季棠之所以这么愤怒是他实在接受不了这个死法,他把那小狗当成自己孩子养,虽然平时跑跑颠颠的,可从来没给他惹出什么祸事,乖的要命。他可以接受那狗生病死了中毒死了,至少这样能留一具尸骨,好歹是自己死的,命不好怪不得别人,可现在被人一块一块的剁了,变成了别人的盘中餐,连完整的尸体也没有,让他怎么能不生气。
季棠脾气上来不管不顾,趁着傅连云不注意偷溜出去,撞见那人就往死里揍,他也不说话,只动手,吓得人屁滚尿流的跑了。
季棠一连几天蹲不到人,心中怒火找不到发泄的地方,于是翻墙进去了,用砖头把玻璃打碎,他纵身一跃,跳入了屋里,把床上瑟瑟发抖的醉汉堵在角落里狠狠揍了一顿,这次他扔下几百块钱,解气地走了。
季棠是个火大的,一句话说重了都能让他气不打一处来,从前在家里他吃药控制,现在这里既没有沙袋又没有药物,一旦发病立刻就去找那醉汉,把人当出气筒。
醉汉成了他的眼中钉,他恨不得让这人马上魂归西天。
有一天季棠照例出去揍人,醉汉的老婆出远门刚回来,哪见过这样的架势,一路哭喊着打听,前来找傅连云,要他快去把季棠弄回来,晚点真要出人命了。
傅连云抱着胳膊倚在门框上嗑瓜子,说什么也不去。季棠生起气来连他都揍,他皮痒痒了主动去招惹处于暴怒中的季棠?纵使他皮糙肉厚也不能让他替人挨这顿打吧。
醉汉被打了几次也没见消停,站在路上可劲骂季棠,看人围得里三圈外三圈,顿时得意地把衣服脱了,露出上身青紫交加的皮肉,博取别人同情时又小心地观察着周围有没有季棠的身影。
说起来也怪,季棠这弱不禁风的小身板不知道哪爆发出的力量,打在身上能让他疼好几天,他一身的肌肉,却连还手的力气和机会也没有。
那天一起挨了这顿打的人恨季棠恨得牙痒痒,见人被胖揍成这样就站出来说了几句话。
这时,季棠慢悠悠走过来,站在那人身后说:“你说是我打的就是我打的?证据在哪里?还你亲眼所见,你眼睛要这么有用的话我可就要把方圆几百里监控全拆了,把你眼睛挖出来装上去了。”
季棠这话说得太嚣张,偏偏那几个人还真不能把他怎么样,跟一个精神有问题的人计较这些显然不是明智之举,个个缩着脖子小心的绕过季棠走了。醉汉被季棠打出了心理阴影,一见他跟个鹌鹑似的,连个屁都不敢放。
傅连云见季棠差不多了就打算带着季棠回去,毕竟季棠还要上学。
季棠看傅连云收拾行李就借口去厕所,实际上又去了醉汉家里。他那小狗整日不叫不闹地趴在屋里,那天本来在晒太阳,谁能料到醉汉仅用一根火腿肠就轻而易举把小狗从院子里诱惑走了,把鲜活的生命弄成了自己的盘中餐。

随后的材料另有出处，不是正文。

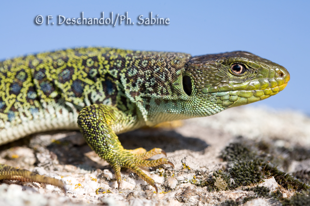 : Lézard ocellé (Timon lepidus lepidus), femelle, Sogo, Espagne.
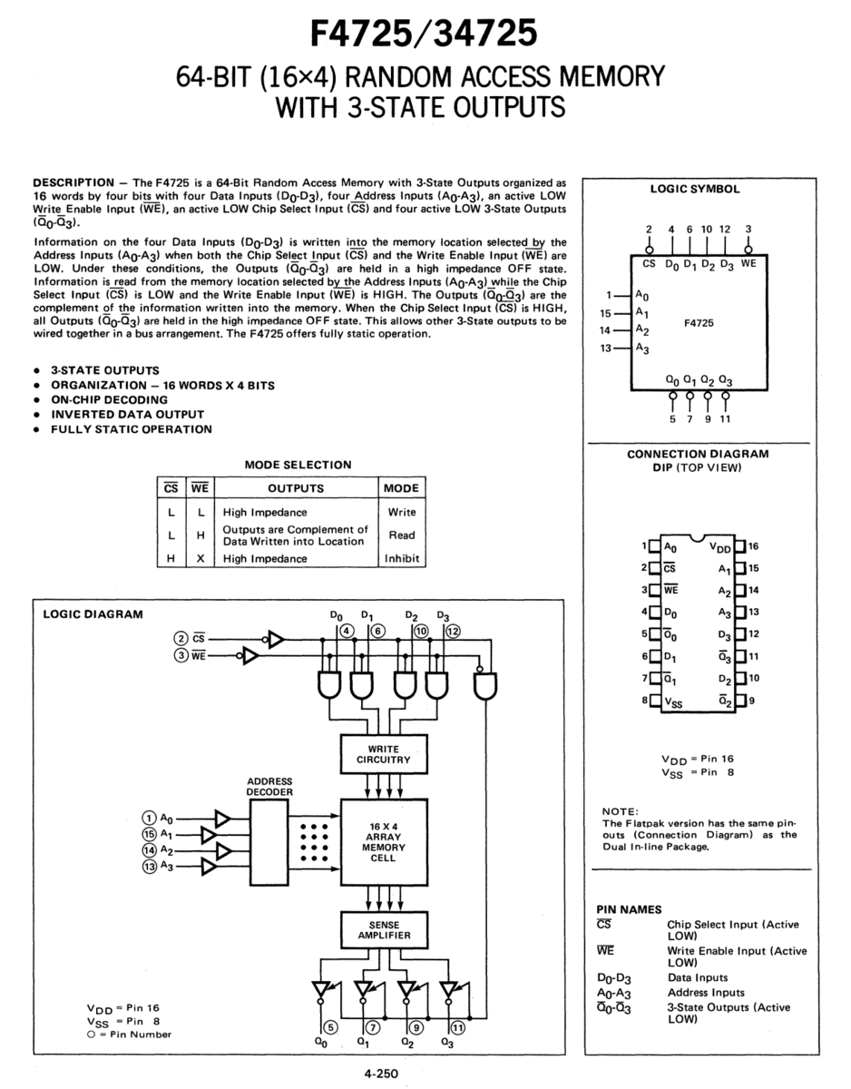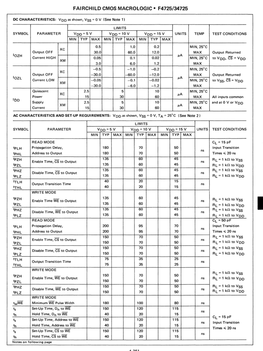 4725DC Fairchild CMOS SRAM 64 Bit Static RAM and 50 similar items
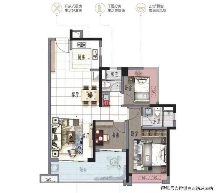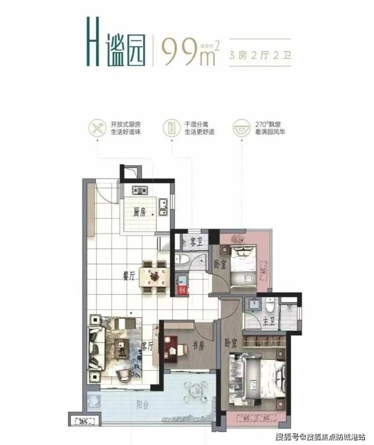 建面98平三房,6.1米L型阳台,次卧270度景观飘窗。
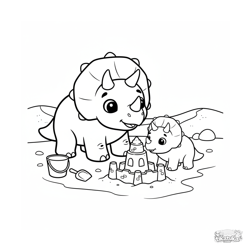 Página para colorir para crianças 4-6: um triceratops adulto e um filhote inspecionando um castelo de areia numa praia oceânica antiga. Estilo de boneco de pano.
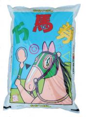 『軽種馬から生産された堆肥をふんだんに使い、肥沃な土地、冷涼、名水に恵まれた環境で丹精を込めた実らせたお米です。』
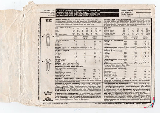 Mono informal con cremallera delantera y bolsillos para mujer de McCall's 3232 Patrón de costura vintage de los años 80 Talla MEDIANA 12-14 SIN CORTAR Doblado de fábrica
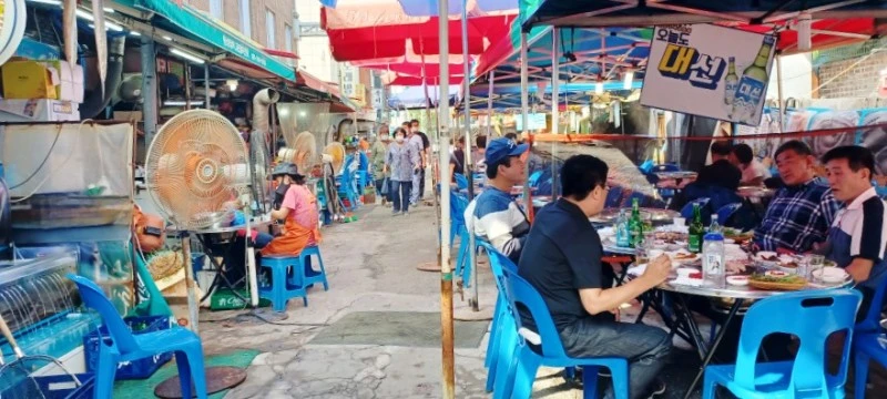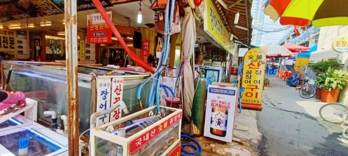 충무동 해안 시장, 미로처럼 나있는 골목에 장엇집이 촘촘 포진하고 있었다.
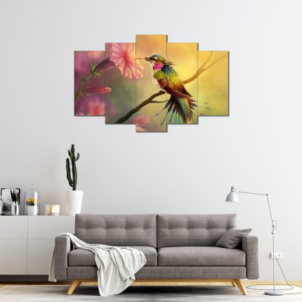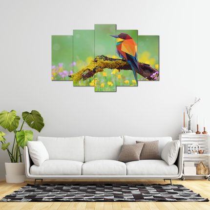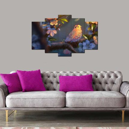 Illüstrasyon Kuş Desenli 5 Parça MDF Tablo
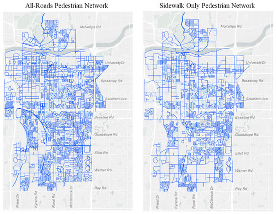 The sidewalk-only pedestrian network was a subset of the all-roads pedestrian network. It considered only segments with sidewalk present on at least one side of the road. Figure 5 compares the all-roads pedestrian network and the sidewalk only pedestrian network. Information on sidewalk availability on private roads was not available. Some apartment complexes, especially on the south part of Tempe, were not considered in this analysis, since their sidewalks are not managed by the city. The network analysis parameters were the same as for the all-roads pedestrian network: One-eighth of a mile accepted from the destination to the network, and travel sheds of one mile.
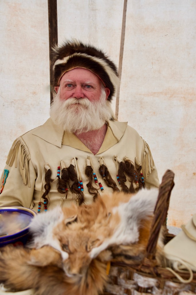 Here are a few more of the characters you can meet at the Mountain Man Redezvous. They come in their costumes and sit outside their tents in camp and tell stories, cook their meals, sell their wares, play instruments, teach their skills and share their jokes.
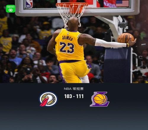 第四節鵜鶘特雷-墨菲拿下8分,湖人詹姆斯拿下10分,最終鵜鶘103-111不敵湖人
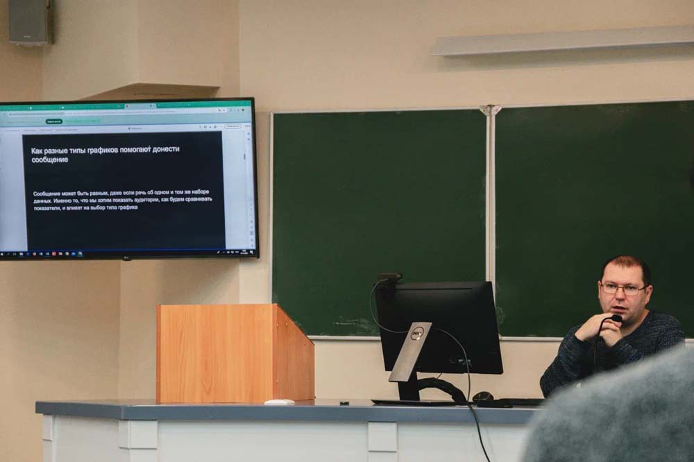 Завершил образовательный день мастер-класс «О чём надо помнить, перед тем, как рисовать график» от эколога и шеф-редактора «Т–Ж» Сергея Антонова. В фокусе оказался ключевой навык XXI века – способность честно и убедительно визуализировать данные. Участники научились избегать манипулятивных приёмов, выбирать корректные типы диаграмм и создавать графики, которые не искажают, а проясняют истину – будь то в научной работе, журналистике или публичном выступлении.
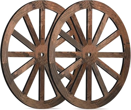 Ltstor 2 st väggdekoration i trä för hjul, 30 cm trähjul vägg dekor hänge retro stil hjul väggdekor hänge lämplig för bondgård bar garage trädgård
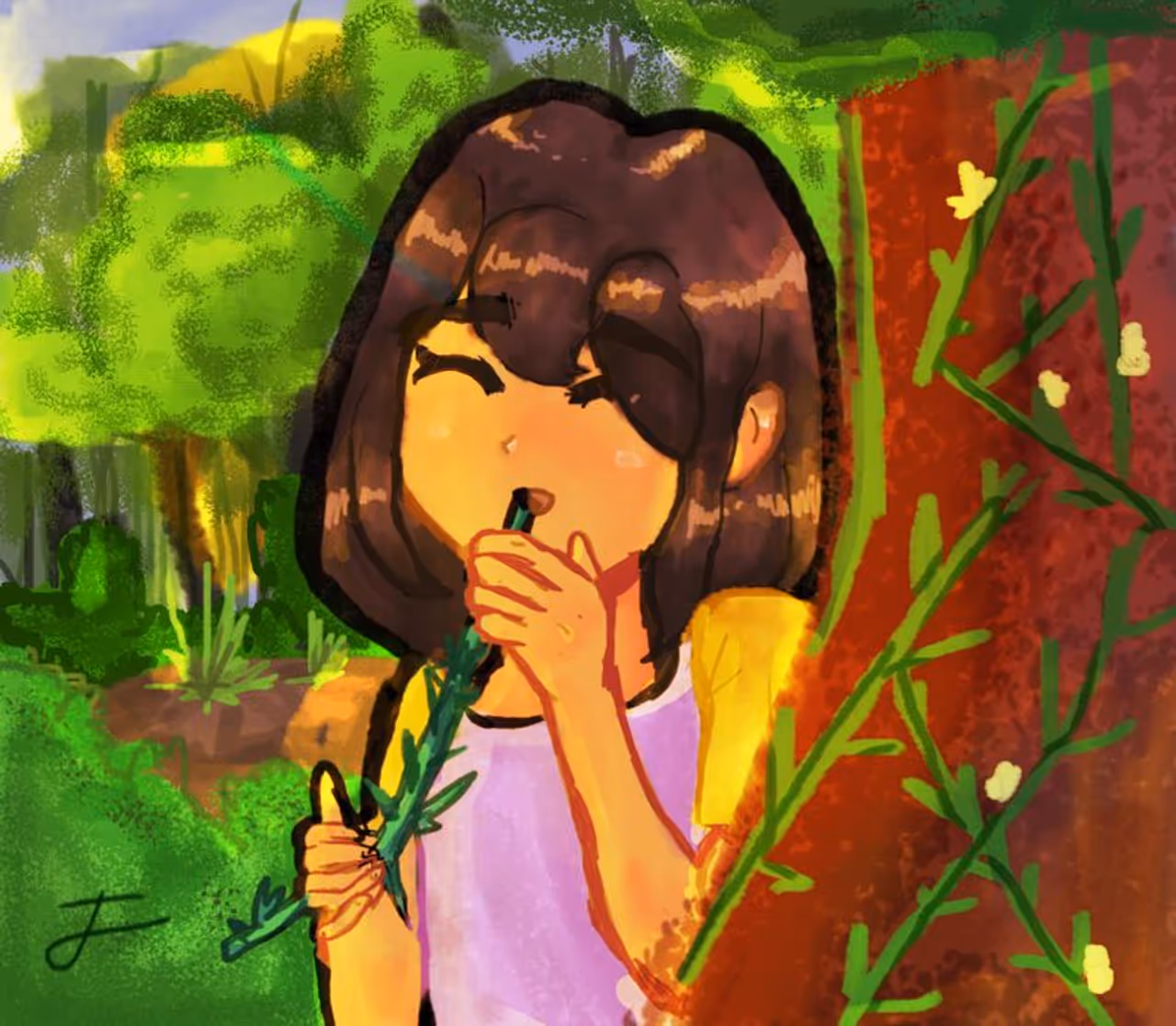 കാട്ടമൃതും കാട്ടുപഴങ്ങളും കഴിച്ച് പാറപ്പുറത്ത് കാറ്റുകൊണ്ട് കിടക്കവെ അവരുടെ മനസ്സ് ആമി മുത്തശ്ശിയുടെയും കൂട്ടുകാരുടെയും കഥകളിലേക്ക് മടങ്ങിപ്പോയി.

这口恶气无论如何也咽不下,头天晚上在没有任何工具的帮助下,季棠翻了比他高出一截的墙,悄无声息地站在了醉汉床前,对着他又是一拳头。
这次他把醉汉揍的不清,估摸着没有半年修养不好,临走时他从钱包里拿出点钱当做医药费,第二天就跟傅连云踏上了回家的路。
回到学校的季棠渐渐把这件事淡忘,到现在小狗在他心目中已经是一个模糊影子了,若不是碰巧看到了长得相像的狗,他还想不起这事来。
傅连云见季棠顿在原地,深邃的目光射向远方,神情专注地盯着一只小黄狗发呆,立时想到了他和季棠住在乡下的日子也有这么一只小黄狗陪伴。
刚要说些什么,季棠就弯腰咳了两声,捂着自己胸口说想回去了。
傅连云没来得及说话,赶忙带着季棠回家。
季棠缩在被窝里,跟霜打的茄子一样蔫。